AVAILABLE DATA
--- START ---
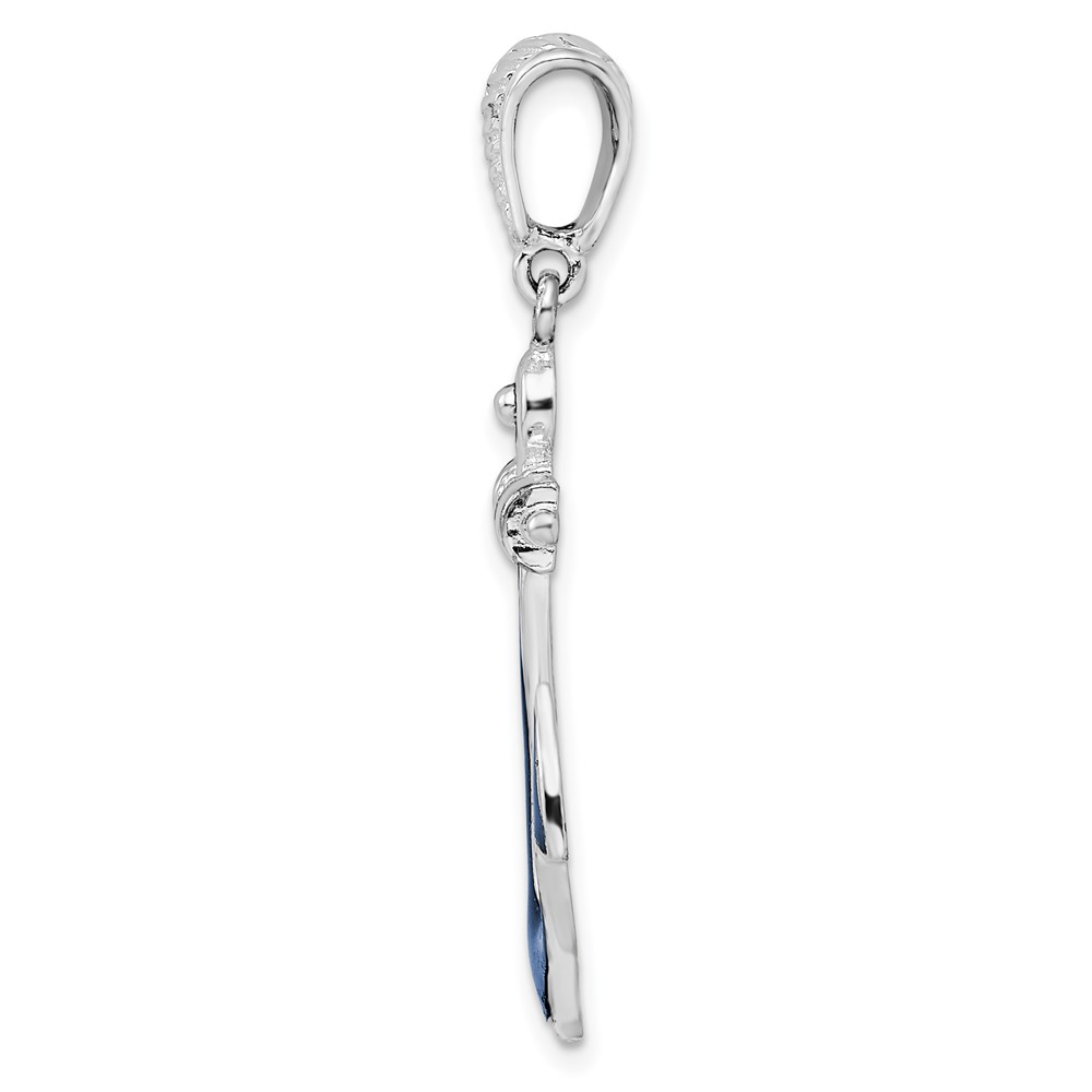 De-Ani Sterling Silver Rhodium-Plated Polished Enameled Anchor Pendant
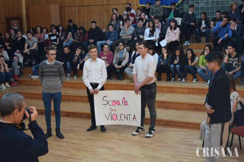 La Liceul Teoretic „Onisifor Ghibu” din Municipiul Oradea a debutat, joi, cea de-a noua ediţie a Concursului cu tematică preventivă „Şcoala fără violenţă”, adresat elevilor de liceu, organizat de poliţiştii Compartimentului de Analiză şi Prevenire a Criminalităţii din cadrul Inspectoratului de Poliţie Judeţean Bihor în colaborare cu reprezentanţii Inspectoratului Şcolar Judeţean Bihor şi cu cei ai Liceului Teoretic „Onisifor Ghibu”. Liceenii participanţi s-au implicat activ în elaborarea unor piese de teatru cu mesaj preventiv, pe care, ulterior, le-au transpus pe scenă, în spectacole destinate propriilor colegi. Peste 200 de elevi și profesori organizaţi în 13 echipaje din cadrul unor instituţii de învăţământ liceale din judeţul Bihor, respectiv din municipiul Oradea, municipiul Beiuș, Ștei, Aleșd, Tinca, Dobrești, Șuncuiuș au concurat pentru a-şi dovedi cunoştinţele în materie de prevenire a violenţei în mediul şcolar. Competiţia a constat în parcurgerea a două probe, respectiv un moment artistic și o probă teoretică care a constat în completarea unui chestionar cu 10 întrebări pe teme de educație juridică, pe baza cunoștințelor dobândite de adolescenți în urma studierii Ghidului de Prevenire a Victimizării Minorilor „Un Antidot al Violenței”, editat de Inspectoratul de Poliție Județean Bihor în anul 2015 și ca urmare a acumulării de informații preventive de la polițiștii de prevenire în cadrul acțiunilor desfășurate în instituțiile de învățământ. În urma parcurgerii probelor din concurs, la etapa pe liceu, premiul I a revenit echipajului format din elevii Liceului Teoretic „Nicolae Jiga” din Tinca, locul al II-lea a fost adjudecat de echipa Colegiului Tehnic „Alexandru Roman” din Aleșd, iar echipajul de la Colegiul Național „Avram Iancu” din Ștei s-a clasat pe locul al III-lea. De asemenea, tot în cadrul etapei pe liceu, au fost acordate şi două mențiuni, Liceului Vocațional Pedagogic „Nicolae Bolcaș” din municipiul Beiuș și Liceului Tehnologic nr.1 din Dobrești. Totodată, au fost acordate și două premii speciale, unul pentru „Cel mai bun mesaj preventiv”, obţinut de echipajul de la Colegiul Național „Samuil Vulcan” din municipiul Beiuș și Premiul special pentru „Cel mai bine pregătit echipaj în domeniul educației juridice”, obţinut de elevii Liceului Teoretic „Nicolae Jiga” Tinca.
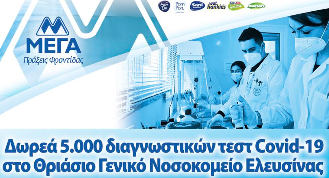 Σε μια δύσκολη περίοδο για τη χώρα και τους συνανθρώπους μας, η 100% ελληνική εταιρεία ΜΕΓΑ ΠΡΟΪΟΝΤΑ ΑΤΟΜΙΚΗΣ ΥΓΙΕΙΝΗΣ Α.Ε, μέσα από τη δωρεά 5.000 διαγνωστικών τεστ Cοvid-19 στο Θριάσιο Γενικό Νοσοκομείο Ελευσίνας, συνεχίζει να στηρίζει το Εθνικό Σύστημα Υγείας για την αντιμετώπιση της πανδημίας.
--- END ---
WHAT IS REQUIRED
Transcribe the full listing above exactly as it stands, minus the pictures.

TASK ANSWER
 De-Ani Sterling Silver Rhodium-Plated Polished Enameled Anchor Pendant
 La Liceul Teoretic „Onisifor Ghibu” din Municipiul Oradea a debutat, joi, cea de-a noua ediţie a Concursului cu tematică preventivă „Şcoala fără violenţă”, adresat elevilor de liceu, organizat de poliţiştii Compartimentului de Analiză şi Prevenire a Criminalităţii din cadrul Inspectoratului de Poliţie Judeţean Bihor în colaborare cu reprezentanţii Inspectoratului Şcolar Judeţean Bihor şi cu cei ai Liceului Teoretic „Onisifor Ghibu”. Liceenii participanţi s-au implicat activ în elaborarea unor piese de teatru cu mesaj preventiv, pe care, ulterior, le-au transpus pe scenă, în spectacole destinate propriilor colegi. Peste 200 de elevi și profesori organizaţi în 13 echipaje din cadrul unor instituţii de învăţământ liceale din judeţul Bihor, respectiv din municipiul Oradea, municipiul Beiuș, Ștei, Aleșd, Tinca, Dobrești, Șuncuiuș au concurat pentru a-şi dovedi cunoştinţele în materie de prevenire a violenţei în mediul şcolar. Competiţia a constat în parcurgerea a două probe, respectiv un moment artistic și o probă teoretică care a constat în completarea unui chestionar cu 10 întrebări pe teme de educație juridică, pe baza cunoștințelor dobândite de adolescenți în urma studierii Ghidului de Prevenire a Victimizării Minorilor „Un Antidot al Violenței”, editat de Inspectoratul de Poliție Județean Bihor în anul 2015 și ca urmare a acumulării de informații preventive de la polițiștii de prevenire în cadrul acțiunilor desfășurate în instituțiile de învățământ. În urma parcurgerii probelor din concurs, la etapa pe liceu, premiul I a revenit echipajului format din elevii Liceului Teoretic „Nicolae Jiga” din Tinca, locul al II-lea a fost adjudecat de echipa Colegiului Tehnic „Alexandru Roman” din Aleșd, iar echipajul de la Colegiul Național „Avram Iancu” din Ștei s-a clasat pe locul al III-lea. De asemenea, tot în cadrul etapei pe liceu, au fost acordate şi două mențiuni, Liceului Vocațional Pedagogic „Nicolae Bolcaș” din municipiul Beiuș și Liceului Tehnologic nr.1 din Dobrești. Totodată, au fost acordate și două premii speciale, unul pentru „Cel mai bun mesaj preventiv”, obţinut de echipajul de la Colegiul Național „Samuil Vulcan” din municipiul Beiuș și Premiul special pentru „Cel mai bine pregătit echipaj în domeniul educației juridice”, obţinut de elevii Liceului Teoretic „Nicolae Jiga” Tinca.
 Σε μια δύσκολη περίοδο για τη χώρα και τους συνανθρώπους μας, η 100% ελληνική εταιρεία ΜΕΓΑ ΠΡΟΪΟΝΤΑ ΑΤΟΜΙΚΗΣ ΥΓΙΕΙΝΗΣ Α.Ε, μέσα από τη δωρεά 5.000 διαγνωστικών τεστ Cοvid-19 στο Θριάσιο Γενικό Νοσοκομείο Ελευσίνας, συνεχίζει να στηρίζει το Εθνικό Σύστημα Υγείας για την αντιμετώπιση της πανδημίας.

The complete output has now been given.